“开始!”导演小声说:“Action!”
上杉宗雪看着远处的雪山,轻声说:“这个案子,其实还有很多值得思考的地方。”
白川麻衣侧过头,微笑着看着他:“比如呢?”
“比如德川宜子最后那一刻的平静。”上杉宗雪说:“她知道自己要死了,却没有挣扎。那是一种什么样的心情?”
白川麻衣沉默了几秒,然后轻声说:“也许……是一种解脱吧。”
“解脱?”
“杀了儿子,然后被儿子杀死。她不用再面对家族的纷争,不用再面对继承权的困扰,也不用再面对那个不成器的儿子。她解脱了。”麻衣学姐轻声说道:“有时候,身负着沉重的传承,既是一种享受,也是一种负担。”
上杉宗雪看着她,目光里有一丝复杂:“你倒是看得很透。”
“不是我看得透,”白川麻衣摇摇头:“是女人懂女人。”
两个人沉默了一会儿。
温泉的热气在他们周围升腾,远处的雪山顶上,隐约能看到几颗繁星点点。
气氛非常安静。
“冷吗?”上杉宗雪问。
“不冷。”白川麻衣说,然后往他身边靠了靠。
“但是我觉得你冷。”上杉宗雪笑道。
“那,你试试?”麻衣学姐眨了眨眼睛,伸出葱白的玉指在上杉宗雪的脑门上点了一下,表示你这个坏学弟,只有学姐欺负你的份,没有你反攻的机会!
是,是,是!上杉宗雪面露微笑,表示都听你的。
他们的头慢慢靠近,最后轻轻地抵在一起,鼻尖对着鼻尖,呼吸缠绕在一起。
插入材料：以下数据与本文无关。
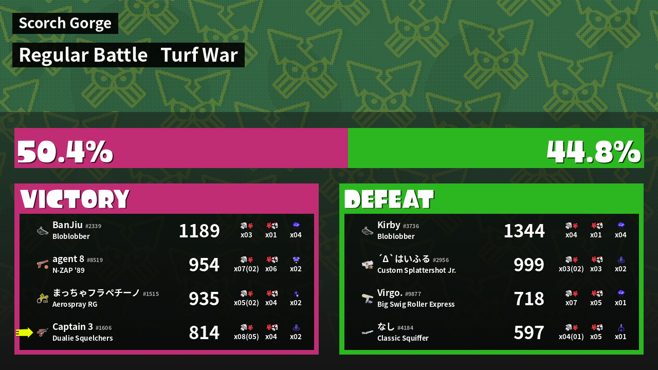 | Mode | Turf War - Regular Battle | ||
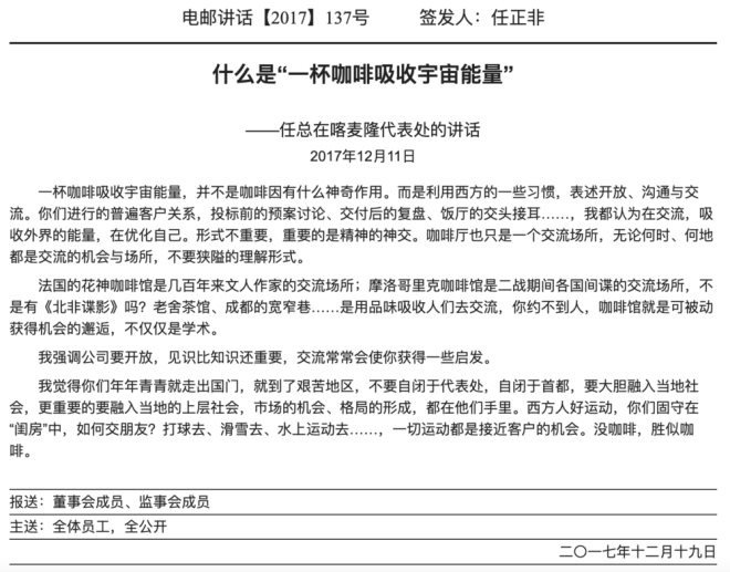 更廣為人知的是任正非于2017年12月11日在喀麥隆代表處的講話,他解釋了“一杯咖啡吸收宇宙能量”的內(nèi)涵:“利用西方的一些習(xí)慣,表述開放、溝通與交流。你們進行的普遍客戶關(guān)系,投標(biāo)前的預(yù)案討論、交付后的復(fù)盤、飯廳的交頭接耳……我都認(rèn)為在交流,吸收外界的能量,在優(yōu)化自己。形式不重要,重要的是精神的神交?Х葟d也只是一個交流場所,無論何時、何地都是交流的機會與場所,不要狹隘的理解形式”。
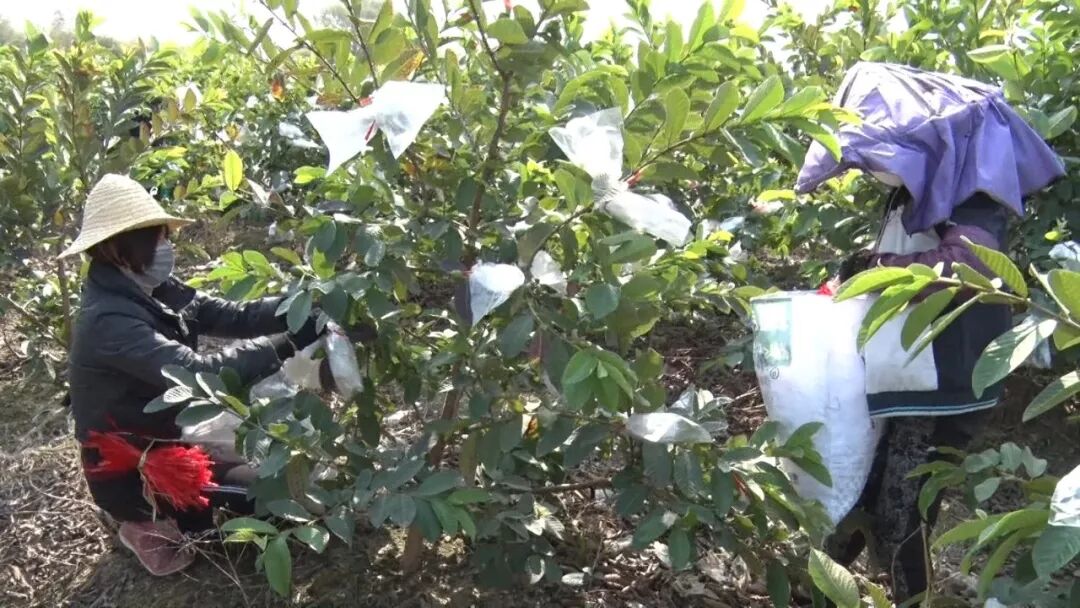 在该镇赤山村三铺种养合作社种植大户黎秋怀的番石榴种植基地,为避免人员密集,他叮嘱社员戴上口罩,工作时必须拉开安全距离,增强自身防护意识。分批分次地对栽种的200多亩番石榴进行除草、施肥、套塑料袋,保障番石榴正常生长。黎秋怀告诉记者,每年这个时候是番石榴结果最多的季节,如果不把这些番石榴套上塑料袋,必然会影响到收成。疫情防控当前,不能让春耕生产落后。

白川麻衣闭上眼睛,嘴角带着一丝若有若无的微笑,上杉宗雪也闭上了眼睛,那张总是冷静刚毅的脸上,此刻浮现出一种难得的柔和。
热气在他们周围升腾,雪花偶尔飘落,在他们发间停留片刻,然后悄然融化。
摄像机的镜头静静地运转着,把这一刻完全捕捉下来。
监视器后面,木下弘子捂着嘴,眼泪都快下来了。
“太美了……太美了……”她喃喃自语:“这镜头,这一帧,都是金子……都是金子……”导演也看呆了,过了好几秒才反应过来,小声说:“继续拍,继续拍,千万别停-……”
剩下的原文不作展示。